What you will do
Once the line with "Boucles d'oreilles en" is found in the entries below, repeat it and each following line exactly, up to and including the line with "Graue Ecksofa mit". Add no other lines.

Provided data
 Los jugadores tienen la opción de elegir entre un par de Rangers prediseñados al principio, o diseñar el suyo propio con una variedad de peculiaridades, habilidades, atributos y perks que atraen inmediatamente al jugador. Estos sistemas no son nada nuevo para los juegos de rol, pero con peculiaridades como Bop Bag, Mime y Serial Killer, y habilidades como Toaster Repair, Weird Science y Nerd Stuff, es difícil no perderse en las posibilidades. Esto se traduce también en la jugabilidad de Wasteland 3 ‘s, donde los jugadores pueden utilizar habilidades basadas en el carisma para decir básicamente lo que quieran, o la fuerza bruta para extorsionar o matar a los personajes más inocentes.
...
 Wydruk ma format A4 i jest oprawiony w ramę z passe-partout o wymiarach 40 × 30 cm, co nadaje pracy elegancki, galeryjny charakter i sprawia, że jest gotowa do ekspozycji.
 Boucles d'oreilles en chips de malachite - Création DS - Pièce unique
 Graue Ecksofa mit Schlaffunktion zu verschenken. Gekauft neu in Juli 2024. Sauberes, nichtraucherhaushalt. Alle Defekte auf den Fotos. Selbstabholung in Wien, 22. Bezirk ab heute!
--
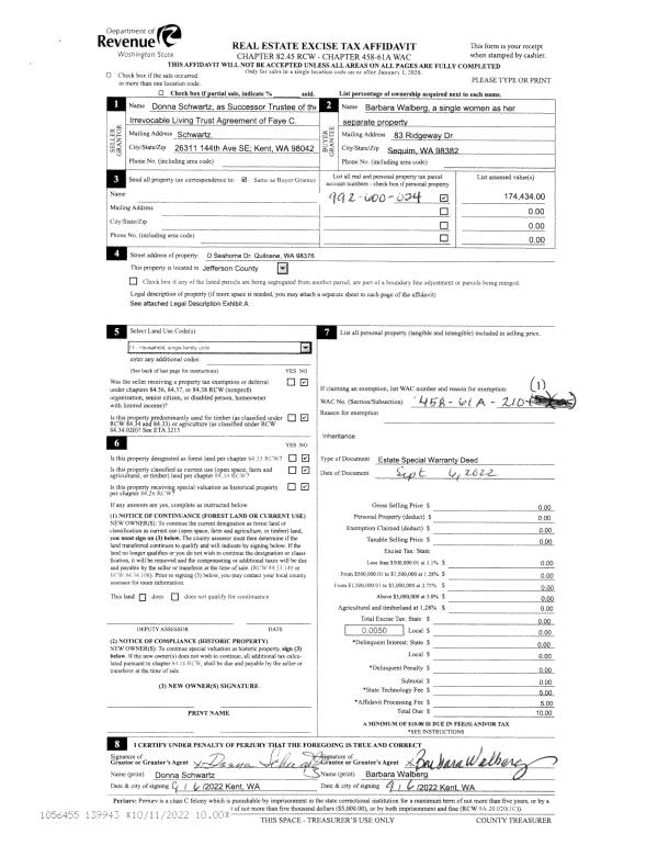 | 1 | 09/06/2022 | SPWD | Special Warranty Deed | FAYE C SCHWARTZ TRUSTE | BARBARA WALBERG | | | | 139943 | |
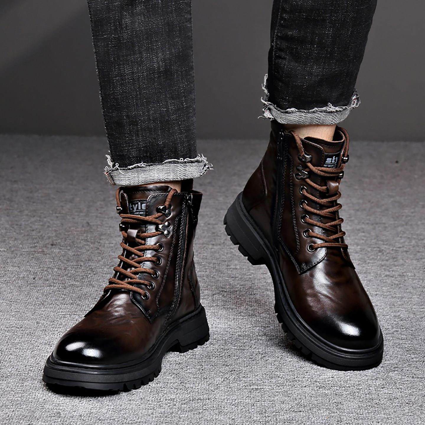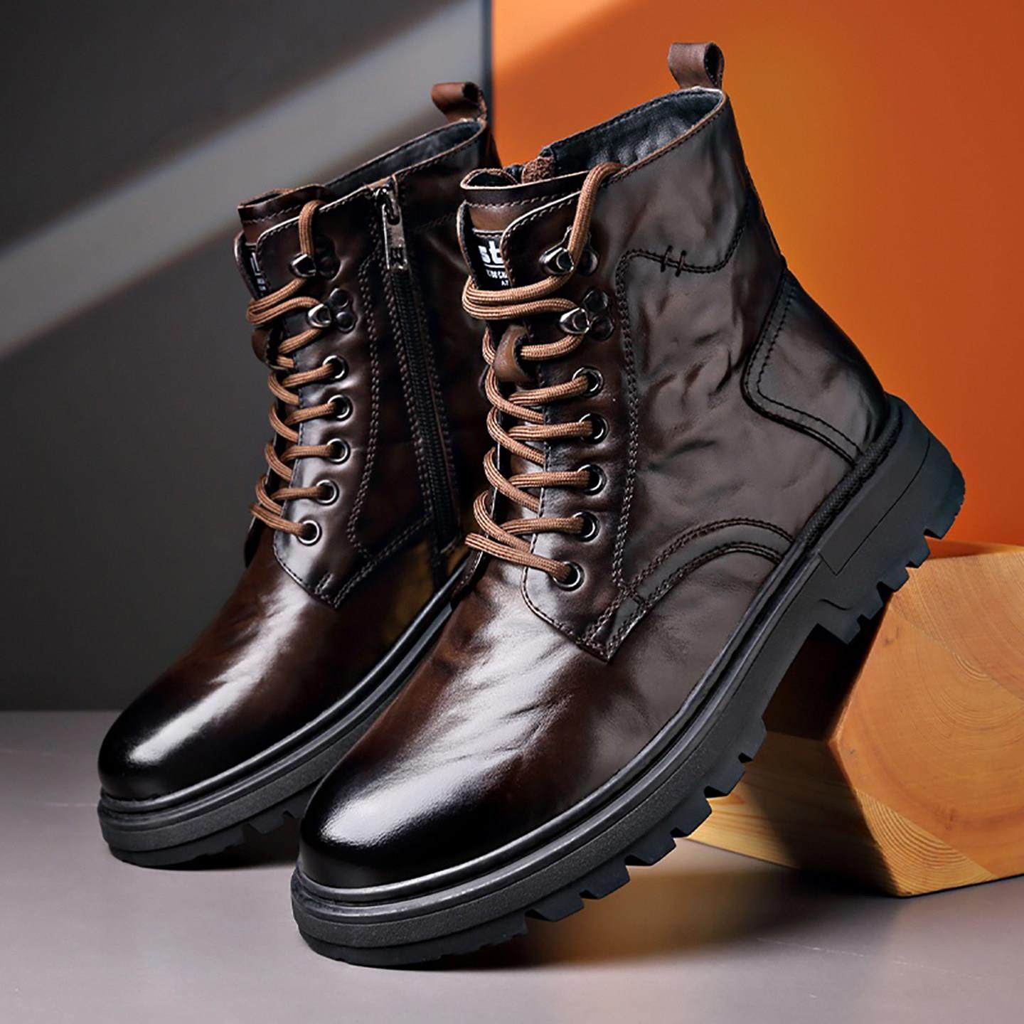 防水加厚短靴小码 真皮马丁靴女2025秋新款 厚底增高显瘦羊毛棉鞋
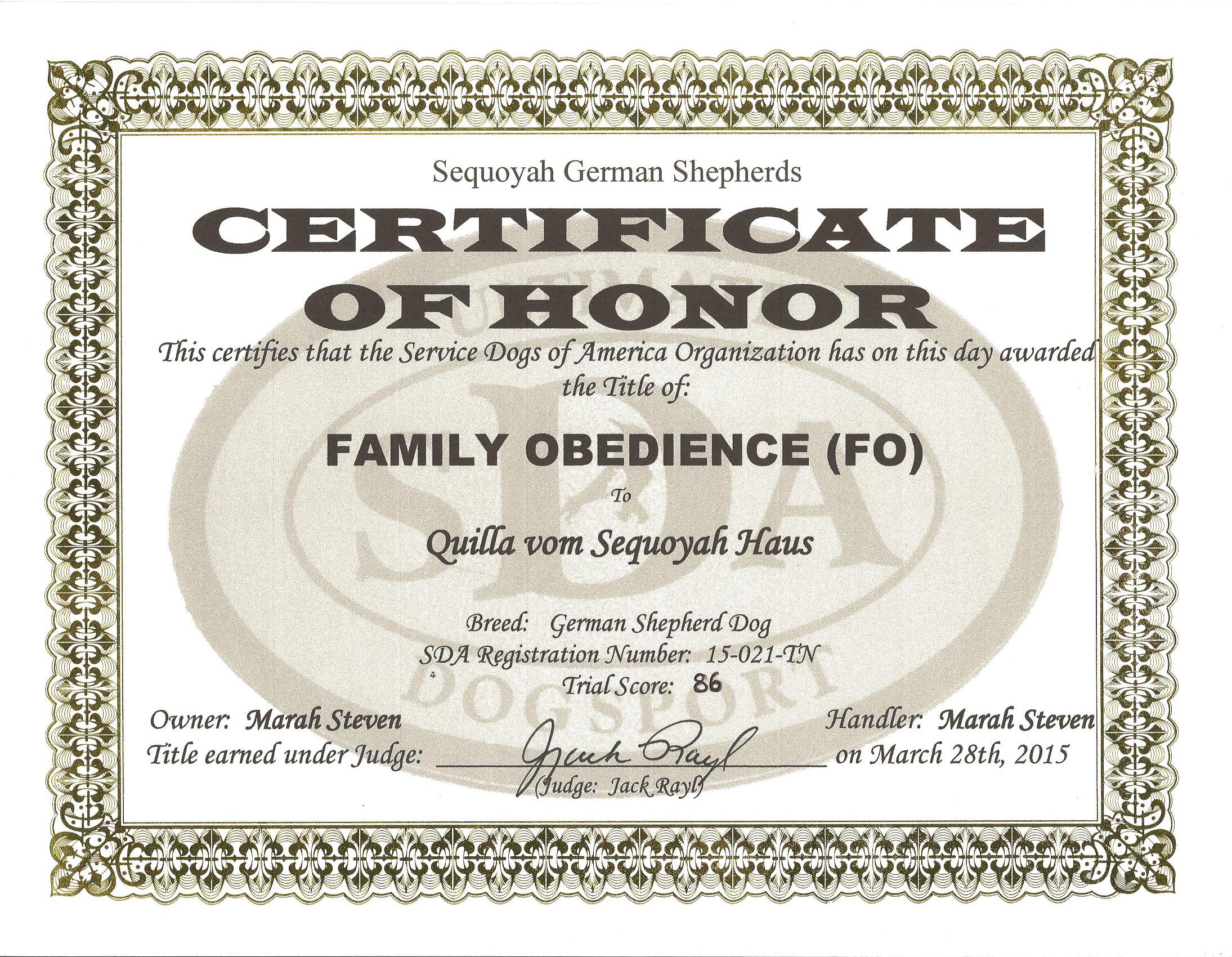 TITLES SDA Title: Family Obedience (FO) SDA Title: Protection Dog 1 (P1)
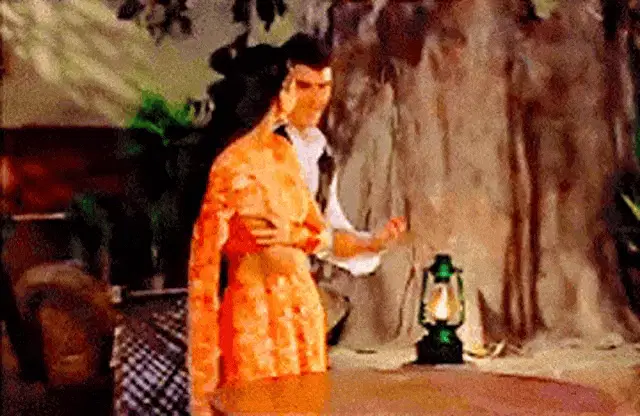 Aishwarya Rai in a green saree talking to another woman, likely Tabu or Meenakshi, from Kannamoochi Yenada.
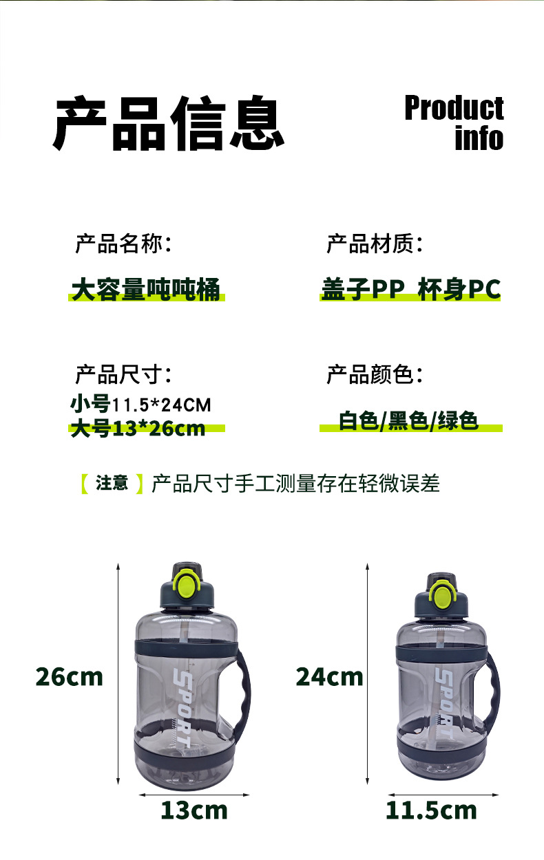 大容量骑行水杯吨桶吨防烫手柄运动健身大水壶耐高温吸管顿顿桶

Task result
 Boucles d'oreilles en chips de malachite - Création DS - Pièce unique
 Graue Ecksofa mit Schlaffunktion zu verschenken. Gekauft neu in Juli 2024. Sauberes, nichtraucherhaushalt. Alle Defekte auf den Fotos. Selbstabholung in Wien, 22. Bezirk ab heute!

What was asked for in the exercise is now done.